In recent years there has been increasing attention to the potentially disruptive influence of disinformation on elections. The most common forms of disinformation in elections include the dissemination of ‘fake news’ in order to discredit opponents or to influence the voting process, the falsification or manipulation of polling data, and the use of fake election monitoring and observation. This article presents an overview of the phenomenon of disinformation in elections in both democratic and undemocratic environments, and discusses measures to reduce its scope and negative impact.

The ability of disinformation to influence the outcome of elections has been widely discussed in the aftermath of the Brexit referendum and the U.S. presidential elections in 2016. Beyond these pivotal votes, there is a growing realization that disinformation has become a major feature of elections in many countries around the world. With regard to disinformation in elections instigated by foreign actors, Russia is widely seen as the main culprit.1 Increasingly, however, there is evidence that the authorities of other states also employ disinformation to manipulate electoral processes abroad.2 And while disinformation in elections is often associated with the phenomenon of ‘fake news’, other forms of disinformation including misleading polls and false claims by election monitors should also be regarded as important forms of disinformation in elections.

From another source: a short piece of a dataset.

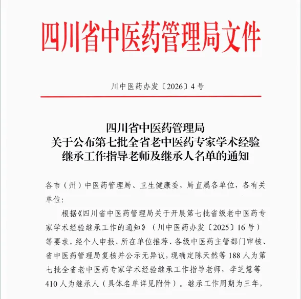 近日,四川省中医药管理局正式公布第七批全省老中医药专家学术经验继承工作指导老师及继承人名单,宜宾市中西医结合医院3名主任中医师入选第七批全省老中医药专家学术经验继承工作指导老师、6名中医师入选继承人。彰显了我院在中医药学术传承、人才培养领域的深厚实力与突出成效。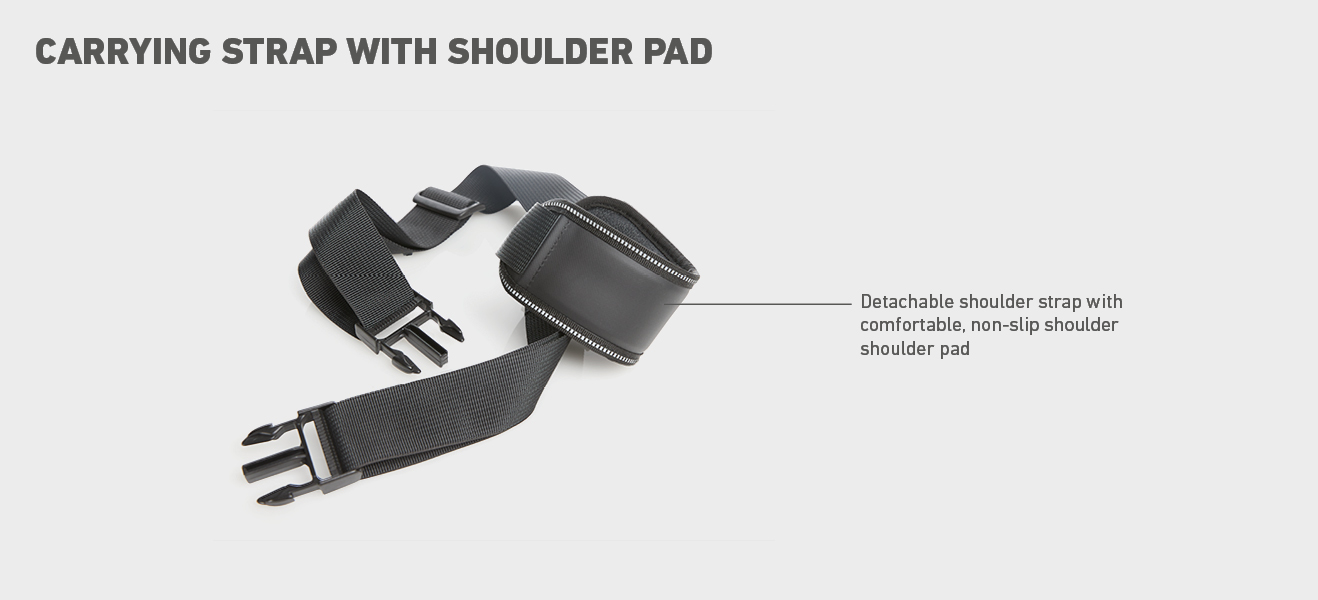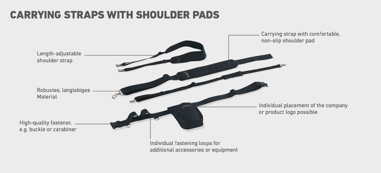 - Shoulder straps, padded harnesses and carrying systems for equipment and tools

The growing impact of disinformation is among a range of reasons why democracies across the world are under pressure. It is now widely accepted that disinformation can have a significant impact on the outcome of an election. A group of researchers at the Berkman Klein Center at Harvard University have found, for instance, that coverage of the campaign for the 2016 U.S. presidential election on social media that was affected by disinformation largely followed Donald Trump’s agenda.3 Similarly, researchers in a study about the use of bots on twitter during the Brexit campaign conclude that public opinions about Brexit were likely to be manipulated by those bots.4 Disinformation moreover can help undermine general trust in political systems that have been stable and successful for a long time. Aside from its corrosive impact on democracies, disinformation can also buttress authoritarian rule. The purpose of disinformation in competitive elections is different than in uncompetitive elections. While in competitive elections disinformation is employed to help a certain party or candidate or to delegitimize the existing political order, the main purpose of disinformation in uncompetitive elections, by contrast, is to convey the impression that the political order is legitimate.

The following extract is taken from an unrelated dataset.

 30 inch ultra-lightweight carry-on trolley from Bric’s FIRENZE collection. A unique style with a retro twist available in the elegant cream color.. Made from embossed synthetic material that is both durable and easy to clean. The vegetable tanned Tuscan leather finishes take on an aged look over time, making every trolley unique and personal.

This article presents an overview of the phenomenon of disinformation in elections in both democratic and undemocratic environments and discusses measures to reduce its scope and negative impact. Disinformation is commonly understood as knowingly false information (other than misinformation, which refers to unwittingly false information).5 In the context of elections, disinformation is usually about the dissemination of knowingly false information with the goal to undermine political opponents, to manipulate the voting process, or change perceptions of the political circumstances in which the election takes place. Disinformation is just one of many possible strategies that are employed to manipulate elections. Those other strategies include the micro-targeting of voters with ads, the hacking of e-mail accounts in order to discredit opponents, cyberattacks against election infrastructure, and support for anti-systemic forces by foreign governments. These strategies may be as harmful as disinformation and they have equally been the subject of much recent scrutiny, but they are not discussed here.

1 Elections and Fake News

The term “fake news” has been widely misused but, when properly defined, represents a key form of disinformation. A useful definition of fake news is “information that mimics news media content in form but not in organizational process or intent”, with fake news outlets lacking “the news media’s editorial norms and processes for ensuring the accuracy and credibility of information”.6 In the context of elections, fake news becomes disinformation when it is presented or promoted to discredit opponents or to influence the voting process.

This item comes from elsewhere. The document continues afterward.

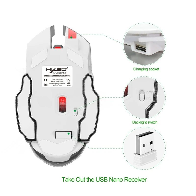 Этот продукт представляет собой беспроводную мышь, которая используется для многократной зарядки, без вождения, может быть совместима с несколькими системами, прост в использовании.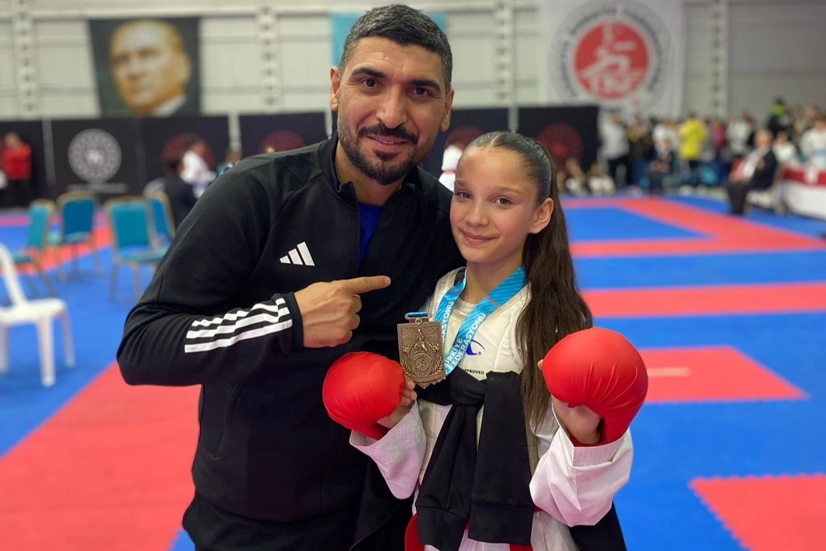 Gaziantep'in Şehitkamil ilçesinde ikamet eden Kıbrıs Ortaokulu 7'inci sınıf öğrencisi Nesibe Nur Şimşek, küçük yaştan itibaren karate filmlerine ilgi duymaya başladı. Okuldaki tüm spor etkinliklerine katılan ve 3 yıl önce okulun beden eğitim öğretmenleri tarafından karate sporuna yönlendirilen Şimşek, kısa sürede önemli başarılara imza attı. Karateye 11 yaşında başlayan ve bu branşta katıldığı ulusal turnuvalarda dereceler elde eden Şimşek, kazandığı başarılarla geçtiğimiz yıl milli formayı giymeye hak kazandı. Yeni başladığı karate sporunda kendini geliştiren Şimşek, 2025 yılında Türkiye karate şampiyonu oldu. Üst üste şampiyonluklar kazandı 2025'te Kocaeli'nde düzenlenen Türkiye Çocuklar Karate Şampiyonası'nda 35 kiloda kazandığı şampiyonlukla Türkiye'yi Karadağ'da temsil etme hakkı kazanan ve katıldığı müsabakada da birincilik elde ederek şampiyon olan Şimşek, 24-29 Mart 2026 tarihlerinde Antalya'da düzenlenen Minik Yıldız Türkiye Şampiyonası'nda 13 yaş 39 kilogram kategorisinde altın madalya kazandı. 5 bin 130 sporcunun katılımıyla rekor düzeyde düzenlenen Karate Şampiyonası'nda Gaziantep'i temsil eden Şimşek, büyük bir başarıya imza attı. 39 kilogram yıldızlar kategorisinde mücadele eden Şimşek, çıktığı tüm karşılaşmaları kazanarak Türkiye Şampiyonu oldu ve spor şehri Gaziantep'i gururlandırdı. Balkan Şampiyonası'nda Türkiye'yi ve Gaziantep'i temsil edecek Elde ettiği bu önemli başarının ardından Şimşek, önümüzdeki dönemde düzenlenecek olan Balkan Şampiyonası'nda Türkiye'yi ve Gaziantep'i temsil etme hakkı kazandı. Genç sporcunun başarısı spor camiasında takdirle karşılandı. Elde ettiği bu önemli başarıyla Milli formayı giymeye hak kazanan Şimşek, Balkan Şampiyonası'nda da Türkiye'yi temsil edecek olan Şimşek, okulun Beden Eğitimi Öğretmeni Mahmut Şahin ve antrenörü Reşit Yavuz'un destekleriyle ara vermeden çalışmalarını sürdürüyor. "Ay yıldızlı bayrağımızı dalgalandırmak istiyorum" Balkan Şampiyonası'ndaki şampiyonluk için ter döken, Türkiye'ye ve memleketi Gaziantep'e yeni bir başarı getirmeyi hedefleyen Şimşek, Balkan Çocuklar Karate Şampiyonası'na yoğun bir tempoyla hazırlanıyor. Altın madalya alarak Türk bayrağını dalgalandırmak istediğini dile getiren Şimşek, en büyük hayalinin ise olimpiyat madalyası olduğunu söyledi. Yeni şampiyonluklara ulaşmak için çalışmalarını sürdürdüğünü belirten Şimşek, "Spora zaten hep ilgi duyuyordum. Arkadaşlarım beni bu spora yönlendirdi. İlk başladığımda bu kadar ilerleyeceğimi hiç düşünmemiştim. Madalya kazandıkça ve başarı elde ettikçe karateye ilgim daha çok arttı ve kendime hep hedefler belirledim. Türkiye derecesi aldıktan sonra daha da ilerlemeye başladım. Katıldığım tüm spor müsabakalarında daha da azmim arttı. Arkadaşlarım bana sürekli destek verdi. İlk başta aslında hiç bu kadar ilerleyeceğimi düşünmemiştim. Türkiye derecelerim var. İki defa birinci oldum. Liglerde ikinci ve üçüncülüğüm var. Gaziantep'te ve bölgede derecem çok. Balkan Çocuklar Karate Şampiyonası'nda da şampiyon olmak, ay yıldızlı bayrağımızı dalgalandırmak istiyorum" dedi. "Öğrencimizle gurur duyuyoruz" Okul Müdürü Ali Osman Tapsız ise, "Nesibe Nur Şimşek, Antalya'da Türkiye Karate Federasyonu'nun düzenlediği organizasyonda Türkiye birincisi oldu. Aslında bu başarısı yeni değil, geçen senede bizlere bu gurur yaşattı. Öğrencimiz 5 bin 130 öğrencinin katıldığı bu büyük turnuvada Türkiye birinciliği elde ettiği için okul idaresi, öğretmenleri ve arkadaşlar olarak çok mutluyuz, gururluyuz. Nesibe'nin Balkan Çocuklar Karate Şampiyonası'nda, olimpiyatlarda ve dünya arenasında kendini göstermesi en büyük hedefimiz olacak. Spor şehri Gaziantep olarak devletimizin sunduğu bu imkanlarla önemli başarılara imza atacağız. Aslında dezavantajlı bir bölgede çalışıyoruz. Nesibe, diğer arkadaşlarına da örnek oldu. Bu bölgenin okullarındaki bir öğrencinin Türkiye şampiyonlukları elde edebileceğini diğer öğrencilere de örnek olarak göstermiş oldu. Bunlar bizim için çok gurur vericidir" şeklinde konuştu. "Nesibe gururumuz oldu" Nesibe Nur Şimşek'in antrenörü Reşit Yavuz da iyi bir sporcu yetiştirdiklerini belirterek, "Nesibe Nur ile 3 yıl önce tanıştık. 3 yıl önce kurs verdiğim Kıbrıs Ortaokulu'nda antrenman yaparken antrenmana Nesibe geldi. Antrenmanda onun ilk böyle yumruk attığında iyi bir sporcu olabileceğini düşündüm. 6 ay sonra götürmüş olduğum Türkiye Şampiyonası'nda milli takım seçmelerine kaldı ve bir sonraki yıl Türkiye Şampiyonu oldu. Geçen yıl milli takımımızı temsil etti. Şu anda yine tekrardan milli takımı temsil edecek. Nesibe, çok başarılı bir çocuk. Gelecekte ise çok daha iyi başarılar elde edebileceğini düşünüyorum" ifadelerini kullandı. "Ülkemizi en güzel şekilde temsil edecek" Gaziantep'ten bir yıldızın doğduğunu belirten Beden Eğitimi Öğretmeni Mahmut Şahin, "Okulumuzda beden eğitimi öğretmenleri ve idare olarak sportif etkinliklere büyük önem veriyoruz. Öğrencimiz Nesibe, disiplinli çalışması ve azmiyle bu başarıyı sonuna kadar hak etmiştir. Bu başarı tesadüf değil, düzenli antrenman ve emeğin bir sonucudur. Nesibe, okul sporlarında ilimizde şampiyon olmuştur. Hafta sonu Hatay'da düzenlenecek grup finallerinde okulumuzu ve şehrimizi temsil edecektir. Nesibe, ileride ülkemizi en güzel şekilde temsil edecek bir karaktere sahiptir" diye konuştu.

The frequency with which people encounter fake news, often without realizing it, is likely very substantial. It has been estimated, for instance, that one in four Americans visited a fake news website in the weeks leading up to the 2016 presidential elections.7 In the United Kingdom, a third of people admit to having been fooled by a fake news story at least once.8 Fake news stories can be created practically anywhere and by anyone. A number of fake news stories in the 2016 presidential elections in the United States, such as the story about the pope endorsing Donald Trump’s candidacy, were created or promoted by a group of media amateurs operating from North Macedonia. Fake news is also created or promoted, however, by professional media organizations. Among such professional media organizations are hyper-partisan outlets like Breitbart whose commitment to pushing a certain political agenda is greater than their commitment to principles of journalism. Another type of professional media organization that spreads fake news are outlets, like the Russian ‘news agencies’ RT and Sputnik, that are controlled by governments. Through their network of television channels and websites broadcasting and publishing in a range of languages, RT and Sputnik target audiences outside Russia. Broadcast media that are principally targeted at a domestic audience, however, can also play a role in spreading fake news in foreign countries. Russian state-controlled television channels that are watched by audiences in other post-Soviet states, for instance, likely have an effect on public opinion in those countries.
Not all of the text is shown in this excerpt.